我们通过前面类的学习了解到类的结构中有:isa,superclass,cache,bits。前面研究过isa和superclass的走位图,接下来我们来了解下cache相关。
cache_t
通过源码我们可以看到cache_t的实现如下:
struct cache_t {
private:
explicit_atomic<uintptr_t> _bucketsAndMaybeMask;
union {
struct {
explicit_atomic<mask_t> _maybeMask;
#if __LP64__
uint16_t _flags;
#endif
uint16_t _occupied;
};
explicit_atomic<preopt_cache_t *> _originalPreoptCache;
};
#if CACHE_MASK_STORAGE == CACHE_MASK_STORAGE_OUTLINED
// _bucketsAndMaybeMask is a buckets_t pointer
// _maybeMask is the buckets mask
static constexpr uintptr_t bucketsMask = ~0ul;
static_assert(!CONFIG_USE_PREOPT_CACHES, "preoptimized caches not supported");
#elif CACHE_MASK_STORAGE == CACHE_MASK_STORAGE_HIGH_16_BIG_ADDRS
static constexpr uintptr_t maskShift = 48;
static constexpr uintptr_t maxMask = ((uintptr_t)1 << (64 - maskShift)) - 1;
static constexpr uintptr_t bucketsMask = ((uintptr_t)1 << maskShift) - 1;
static_assert(bucketsMask >= MACH_VM_MAX_ADDRESS, "Bucket field doesn't have enough bits for arbitrary pointers.");
#if CONFIG_USE_PREOPT_CACHES
static constexpr uintptr_t preoptBucketsMarker = 1ul;
static constexpr uintptr_t preoptBucketsMask = bucketsMask & ~preoptBucketsMarker;
#endif
#elif CACHE_MASK_STORAGE == CACHE_MASK_STORAGE_HIGH_16
// _bucketsAndMaybeMask is a buckets_t pointer in the low 48 bits
// _maybeMask is unused, the mask is stored in the top 16 bits.

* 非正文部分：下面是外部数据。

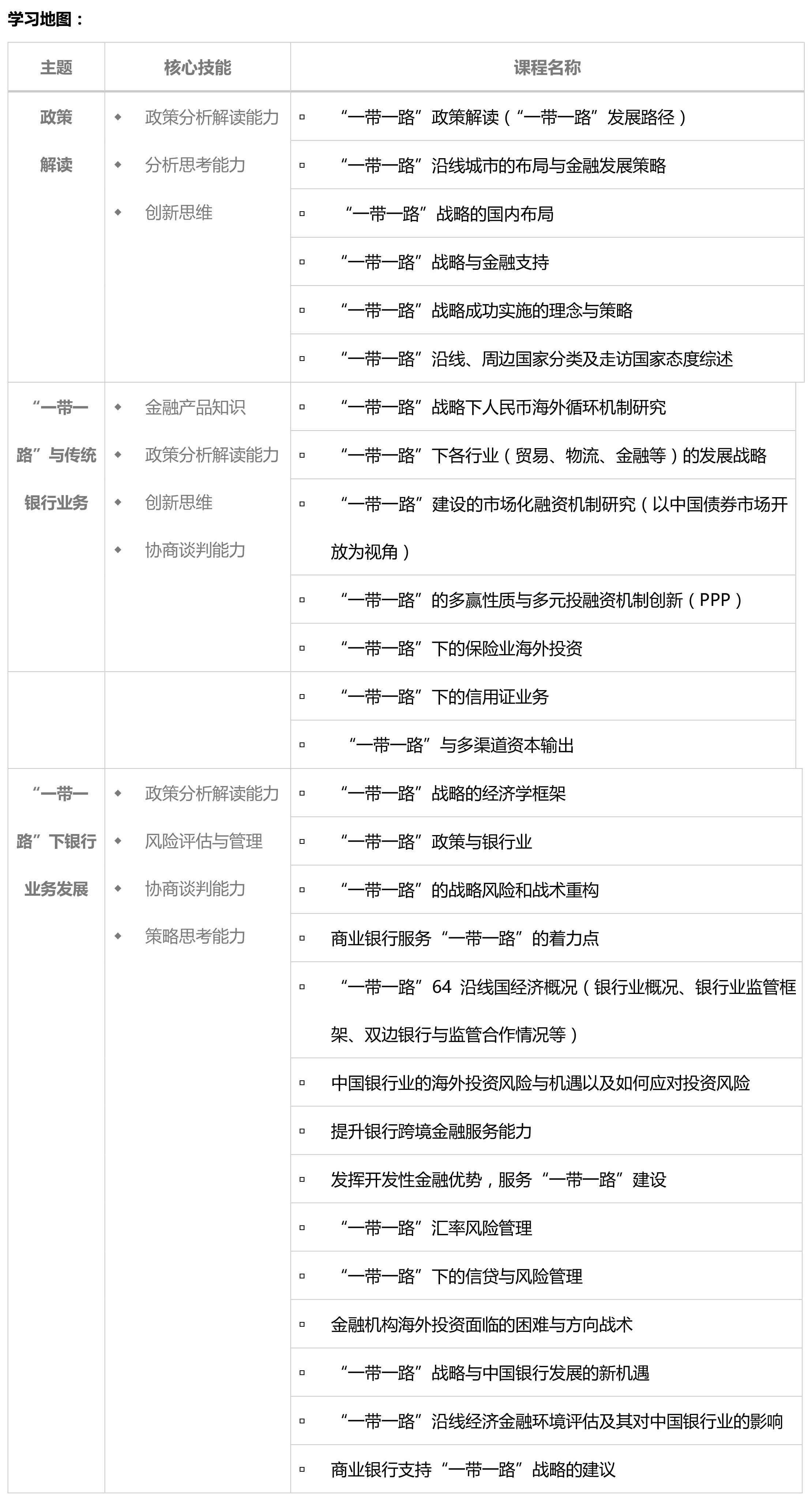 相关岗位:包括但不限于企业中高管、国际金融从业者、“一带一路”金融产品涉及人员、风险经理等。

// How much the mask is shifted by.
static constexpr uintptr_t maskShift = 48;
// Additional bits after the mask which must be zero. msgSend
// takes advantage of these additional bits to construct the value
// `mask << 4` from `_maskAndBuckets` in a single instruction.
static constexpr uintptr_t maskZeroBits = 4;
// The largest mask value we can store.
static constexpr uintptr_t maxMask = ((uintptr_t)1 << (64 - maskShift)) - 1;
// The mask applied to `_maskAndBuckets` to retrieve the buckets pointer.

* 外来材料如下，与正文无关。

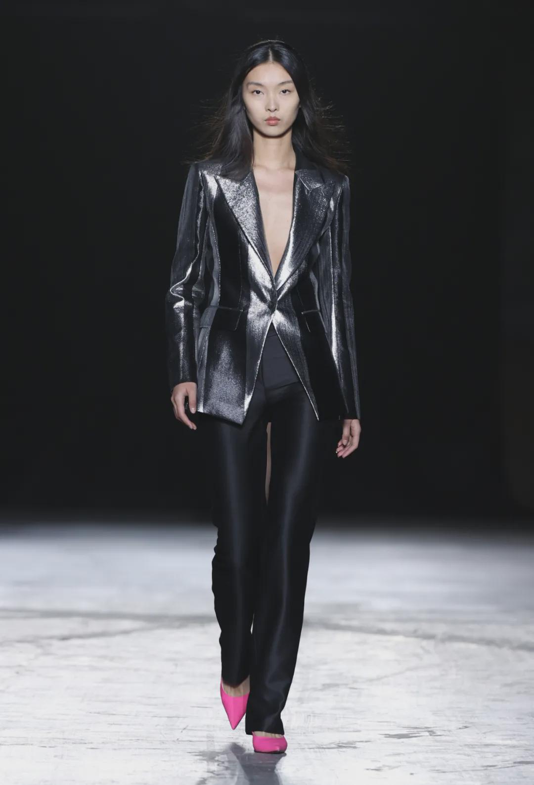 ![]() ![]() ![]() 本季設(shè)計(jì)師將實(shí)用主義與歐普夸張風(fēng)格相融合,在實(shí)穿的基礎(chǔ)上加入夸張的光效應(yīng)藝術(shù),中和了實(shí)用主義“無(wú)趣”的尷尬,耀眼光澤恰到好處,避免了日常穿搭中“用力過(guò)猛”的失衡。從過(guò)往生活汲取靈感,沉浸展現(xiàn)屬于當(dāng)下的思緒:打破規(guī)則,重組序列。系列色彩豐富,并通過(guò)羊毛與皮革,織錦與羽絨,絲綢與棉等等的材質(zhì)對(duì)比,來(lái)強(qiáng)調(diào)穿著的層次感。在服裝結(jié)構(gòu)處理上更加突出身材比例,上裝齊臀設(shè)計(jì)與高腰線下裝搭配,細(xì)節(jié)虛實(shí)關(guān)系處理,模糊年代感,讓穿著者可以跨越時(shí)空,感受當(dāng)下,并且隨意搭配,怎樣都行。

static constexpr uintptr_t bucketsMask = ((uintptr_t)1 << (maskShift - maskZeroBits)) - 1;
// Ensure we have enough bits for the buckets pointer.

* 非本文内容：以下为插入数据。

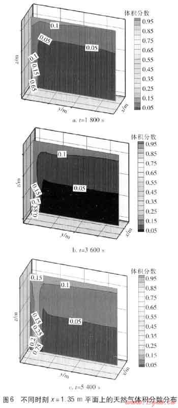 模擬了天然氣泄漏后,x=1.35m平面、z=1m(距離地面1m)平面、z=1.6m平面上的天然氣體積分數(shù)隨時間t的變化規(guī)律。天然氣泄漏1800、3600、5400s后x=1.35m平面上的天然氣體積分數(shù)分布見圖6。由模擬結(jié)果可知,天然氣泄漏擴散后的體積分數(shù)隨與地面垂直距離的增大而增大。不同時刻天然氣泄漏擴散的形態(tài)基本相似,但天然氣的體積分數(shù)和所覆蓋的危險區(qū)域變化較大。

static_assert(bucketsMask >= MACH_VM_MAX_ADDRESS,
"Bucket field doesn't have enough bits for arbitrary pointers.");
#if CONFIG_USE_PREOPT_CACHES
static constexpr uintptr_t preoptBucketsMarker = 1ul;
#if __has_feature(ptrauth_calls)
// 63..60: hash_mask_shift
// 59..55: hash_shift
// 54.. 1: buckets ptr + auth
// 0: always 1
static constexpr uintptr_t preoptBucketsMask = 0x007ffffffffffffe;
static inline uintptr_t preoptBucketsHashParams(const preopt_cache_t *cache) {
uintptr_t value = (uintptr_t)cache->shift << 55;
// masks have 11 bits but can be 0, so we compute
// the right shift for 0x7fff rather than 0xffff
return value | ((objc::mask16ShiftBits(cache->mask) - 1) << 60);
}
#else
// 63..53: hash_mask
// 52..48: hash_shift
// 47.. 1: buckets ptr
// 0: always 1
static constexpr uintptr_t preoptBucketsMask = 0x0000fffffffffffe;
static inline uintptr_t preoptBucketsHashParams(const preopt_cache_t *cache) {
return (uintptr_t)cache->hash_params << 48;
}
#endif
#endif // CONFIG_USE_PREOPT_CACHES
#elif CACHE_MASK_STORAGE == CACHE_MASK_STORAGE_LOW_4
// _bucketsAndMaybeMask is a buckets_t pointer in the top 28 bits
// _maybeMask is unused, the mask length is stored in the low 4 bits
static constexpr uintptr_t maskBits = 4;
static constexpr uintptr_t maskMask = (1 << maskBits) - 1;
static constexpr uintptr_t bucketsMask = ~maskMask;
static_assert(!CONFIG_USE_PREOPT_CACHES, "preoptimized caches not supported");
#else
#error Unknown cache mask storage type.
#endif
bool isConstantEmptyCache() const;
bool canBeFreed() const;
mask_t mask() const;
#if CONFIG_USE_PREOPT_CACHES
void initializeToPreoptCacheInDisguise(const preopt_cache_t *cache);
const preopt_cache_t *disguised_preopt_cache() const;
#endif
void incrementOccupied();
void setBucketsAndMask(struct bucket_t *newBuckets, mask_t newMask);
void reallocate(mask_t oldCapacity, mask_t newCapacity, bool freeOld);
void collect_free(bucket_t *oldBuckets, mask_t oldCapacity);
static bucket_t *emptyBuckets();
static bucket_t *allocateBuckets(mask_t newCapacity);
static bucket_t *emptyBucketsForCapacity(mask_t capacity, bool allocate = true);
static struct bucket_t * endMarker(struct bucket_t *b, uint32_t cap);
void bad_cache(id receiver, SEL sel) __attribute__((noreturn, cold));
public:
// The following four fields are public for objcdt's use only.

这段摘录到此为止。